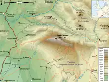 Topografisk kort over Mont Ventoux og omkringliggende områder
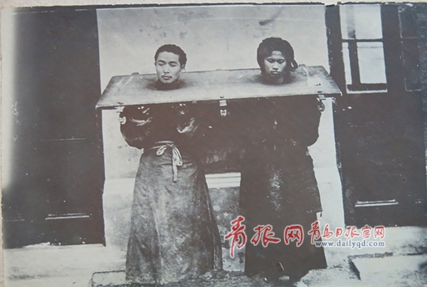 ????這些照片真實(shí)反映了德國占領(lǐng)青島時(shí),中國人的生活百態(tài)和現(xiàn)狀,既有裹著“三寸金蓮”中國婦女合影,每個(gè)人表情各異,也有使用傳統(tǒng)轎子、手推車等交通工具的人,更有執(zhí)法管理的中式警察隊(duì)伍,有警察,自然也少不了戴上刑具的“犯人”。
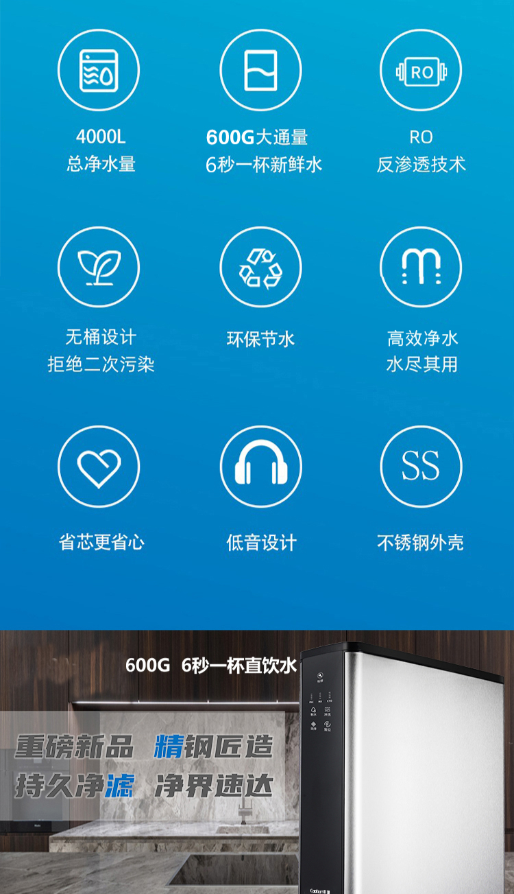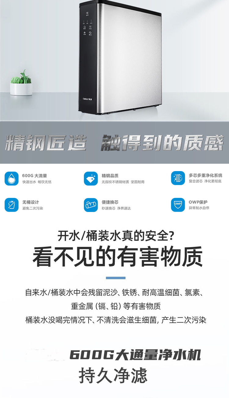 600G大流量;多芯多重凈化;無桶設計;便捷換芯;OWP保護;

### [Task directions]
All of the data, minus its pictures, should be repeated exactly.

### [Solution]
 Topografisk kort over Mont Ventoux og omkringliggende områder
 ????這些照片真實(shí)反映了德國占領(lǐng)青島時(shí),中國人的生活百態(tài)和現(xiàn)狀,既有裹著“三寸金蓮”中國婦女合影,每個(gè)人表情各異,也有使用傳統(tǒng)轎子、手推車等交通工具的人,更有執(zhí)法管理的中式警察隊(duì)伍,有警察,自然也少不了戴上刑具的“犯人”。
 600G大流量;多芯多重凈化;無桶設計;便捷換芯;OWP保護;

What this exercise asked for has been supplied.